**WHAT YOU ARE ASKED TO DO**: Every line below between the line holding "Plus-size Fleece-lined Thick" and the line holding "El purpurina violeta", inclusive, should be repeated exactly, and all other lines omitted.

**EXTRACTED MATERIAL**:
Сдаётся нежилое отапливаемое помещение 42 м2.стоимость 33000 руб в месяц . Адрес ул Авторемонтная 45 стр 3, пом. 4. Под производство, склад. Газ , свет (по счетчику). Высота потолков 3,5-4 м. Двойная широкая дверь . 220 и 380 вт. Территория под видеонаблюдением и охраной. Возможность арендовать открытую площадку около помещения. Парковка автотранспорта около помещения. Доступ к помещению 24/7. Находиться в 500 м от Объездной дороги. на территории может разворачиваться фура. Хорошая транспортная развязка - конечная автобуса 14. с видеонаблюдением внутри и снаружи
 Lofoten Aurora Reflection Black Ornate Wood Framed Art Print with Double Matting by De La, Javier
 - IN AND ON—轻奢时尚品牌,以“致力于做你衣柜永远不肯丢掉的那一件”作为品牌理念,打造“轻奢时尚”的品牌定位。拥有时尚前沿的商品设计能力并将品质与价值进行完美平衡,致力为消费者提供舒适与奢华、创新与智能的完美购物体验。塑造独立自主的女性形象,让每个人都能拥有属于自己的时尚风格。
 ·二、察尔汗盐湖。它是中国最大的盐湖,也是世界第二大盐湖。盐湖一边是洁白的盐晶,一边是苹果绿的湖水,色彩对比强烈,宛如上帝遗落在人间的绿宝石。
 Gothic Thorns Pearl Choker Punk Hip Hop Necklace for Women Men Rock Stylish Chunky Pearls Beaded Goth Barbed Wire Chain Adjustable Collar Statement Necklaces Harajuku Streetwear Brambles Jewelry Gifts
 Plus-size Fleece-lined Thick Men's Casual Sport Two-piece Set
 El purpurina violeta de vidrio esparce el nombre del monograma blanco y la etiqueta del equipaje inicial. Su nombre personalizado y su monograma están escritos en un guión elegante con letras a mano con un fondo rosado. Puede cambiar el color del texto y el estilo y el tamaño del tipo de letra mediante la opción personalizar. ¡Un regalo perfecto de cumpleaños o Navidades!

--

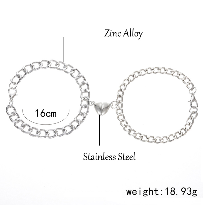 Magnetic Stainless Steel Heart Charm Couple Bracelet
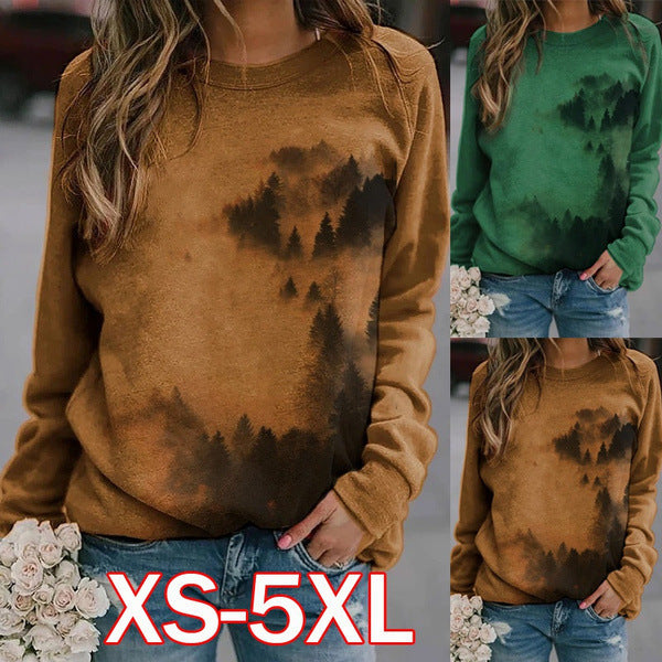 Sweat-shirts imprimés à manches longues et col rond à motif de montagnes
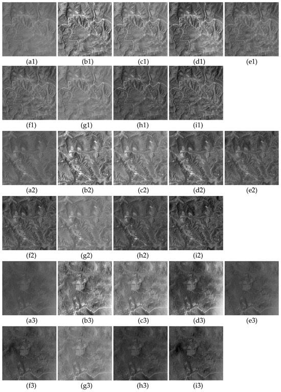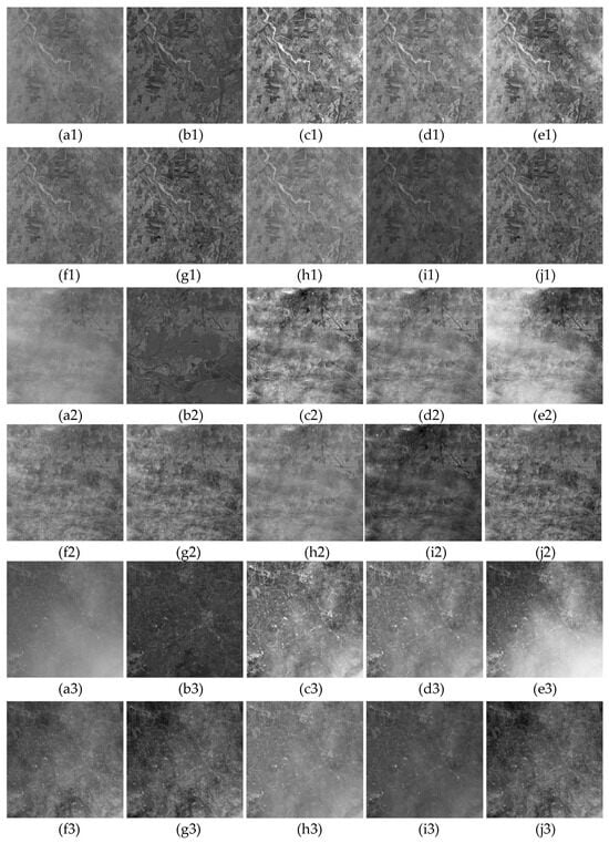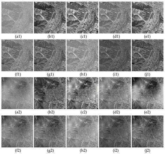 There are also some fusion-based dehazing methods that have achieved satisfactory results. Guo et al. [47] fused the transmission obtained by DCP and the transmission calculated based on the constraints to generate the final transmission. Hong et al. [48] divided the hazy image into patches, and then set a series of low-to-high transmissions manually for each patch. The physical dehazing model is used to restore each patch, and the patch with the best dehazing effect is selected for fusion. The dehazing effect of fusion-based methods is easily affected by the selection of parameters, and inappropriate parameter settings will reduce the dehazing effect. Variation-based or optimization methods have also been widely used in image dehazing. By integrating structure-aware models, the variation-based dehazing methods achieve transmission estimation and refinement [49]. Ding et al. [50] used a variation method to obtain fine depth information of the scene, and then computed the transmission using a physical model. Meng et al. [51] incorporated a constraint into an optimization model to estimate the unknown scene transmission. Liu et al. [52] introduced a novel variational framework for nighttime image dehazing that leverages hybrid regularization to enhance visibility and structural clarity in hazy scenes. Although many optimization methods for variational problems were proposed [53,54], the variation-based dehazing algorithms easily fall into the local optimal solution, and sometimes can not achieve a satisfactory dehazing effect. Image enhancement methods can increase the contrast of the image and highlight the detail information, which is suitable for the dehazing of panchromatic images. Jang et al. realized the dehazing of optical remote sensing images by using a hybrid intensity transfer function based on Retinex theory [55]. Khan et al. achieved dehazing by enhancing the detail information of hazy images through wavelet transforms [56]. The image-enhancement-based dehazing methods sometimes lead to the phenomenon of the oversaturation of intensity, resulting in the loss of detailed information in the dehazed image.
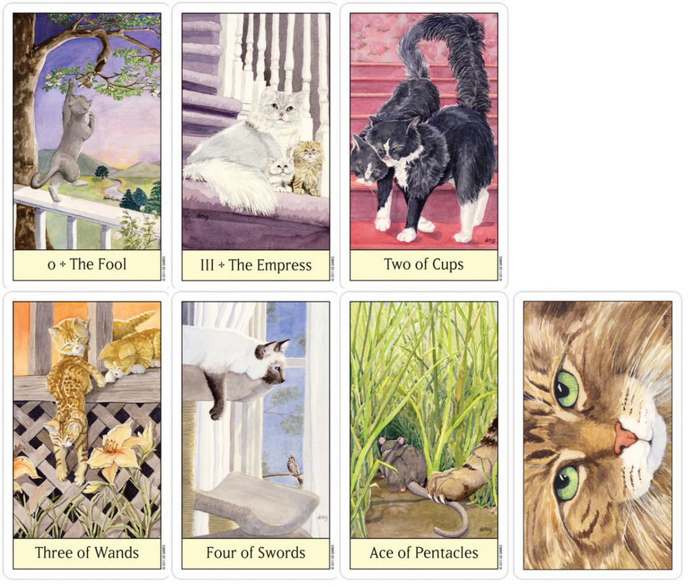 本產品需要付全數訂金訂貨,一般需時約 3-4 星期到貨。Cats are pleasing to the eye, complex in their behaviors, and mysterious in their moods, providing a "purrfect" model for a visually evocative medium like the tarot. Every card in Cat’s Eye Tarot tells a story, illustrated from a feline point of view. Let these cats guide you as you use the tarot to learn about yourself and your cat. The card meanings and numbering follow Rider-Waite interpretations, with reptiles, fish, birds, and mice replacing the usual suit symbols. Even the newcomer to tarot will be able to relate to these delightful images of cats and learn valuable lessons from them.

**WRITTEN SOLUTION**:
 Plus-size Fleece-lined Thick Men's Casual Sport Two-piece Set
 El purpurina violeta de vidrio esparce el nombre del monograma blanco y la etiqueta del equipaje inicial. Su nombre personalizado y su monograma están escritos en un guión elegante con letras a mano con un fondo rosado. Puede cambiar el color del texto y el estilo y el tamaño del tipo de letra mediante la opción personalizar. ¡Un regalo perfecto de cumpleaños o Navidades!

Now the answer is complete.